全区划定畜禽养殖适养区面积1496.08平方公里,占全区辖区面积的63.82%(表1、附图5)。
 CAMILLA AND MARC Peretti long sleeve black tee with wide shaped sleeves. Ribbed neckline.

* * *

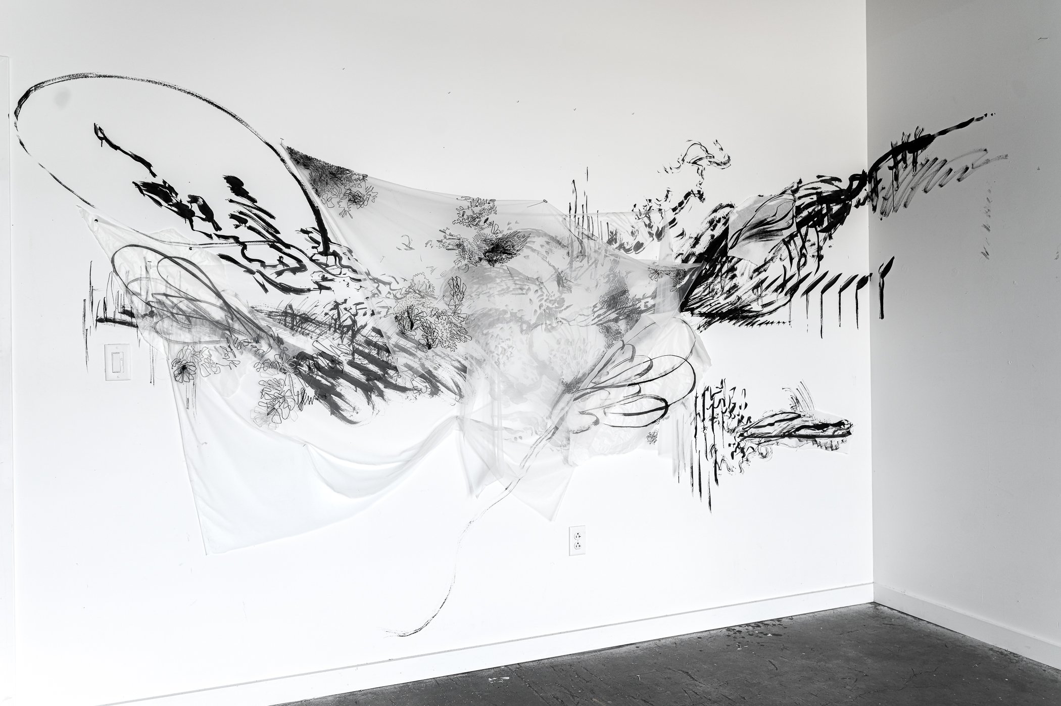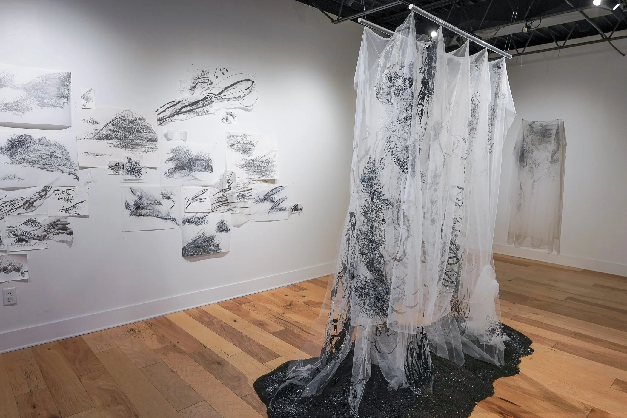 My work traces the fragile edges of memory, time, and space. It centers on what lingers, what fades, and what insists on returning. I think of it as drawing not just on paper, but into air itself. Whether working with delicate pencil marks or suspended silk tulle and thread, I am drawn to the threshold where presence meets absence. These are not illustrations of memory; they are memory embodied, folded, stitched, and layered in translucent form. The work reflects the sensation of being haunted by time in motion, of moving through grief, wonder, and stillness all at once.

--

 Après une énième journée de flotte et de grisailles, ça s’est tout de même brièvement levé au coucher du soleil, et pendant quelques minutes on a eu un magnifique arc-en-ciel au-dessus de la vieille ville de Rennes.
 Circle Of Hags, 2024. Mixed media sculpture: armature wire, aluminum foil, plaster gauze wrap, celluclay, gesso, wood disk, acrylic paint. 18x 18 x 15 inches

Directions — Copy only this part of the entries above: the line with "全区划定畜禽养殖适养区面积1", the line with "CAMILLA AND MARC", and the lines between, all exactly as written.

Exercise result —
全区划定畜禽养殖适养区面积1496.08平方公里,占全区辖区面积的63.82%(表1、附图5)。
 CAMILLA AND MARC Peretti long sleeve black tee with wide shaped sleeves. Ribbed neckline.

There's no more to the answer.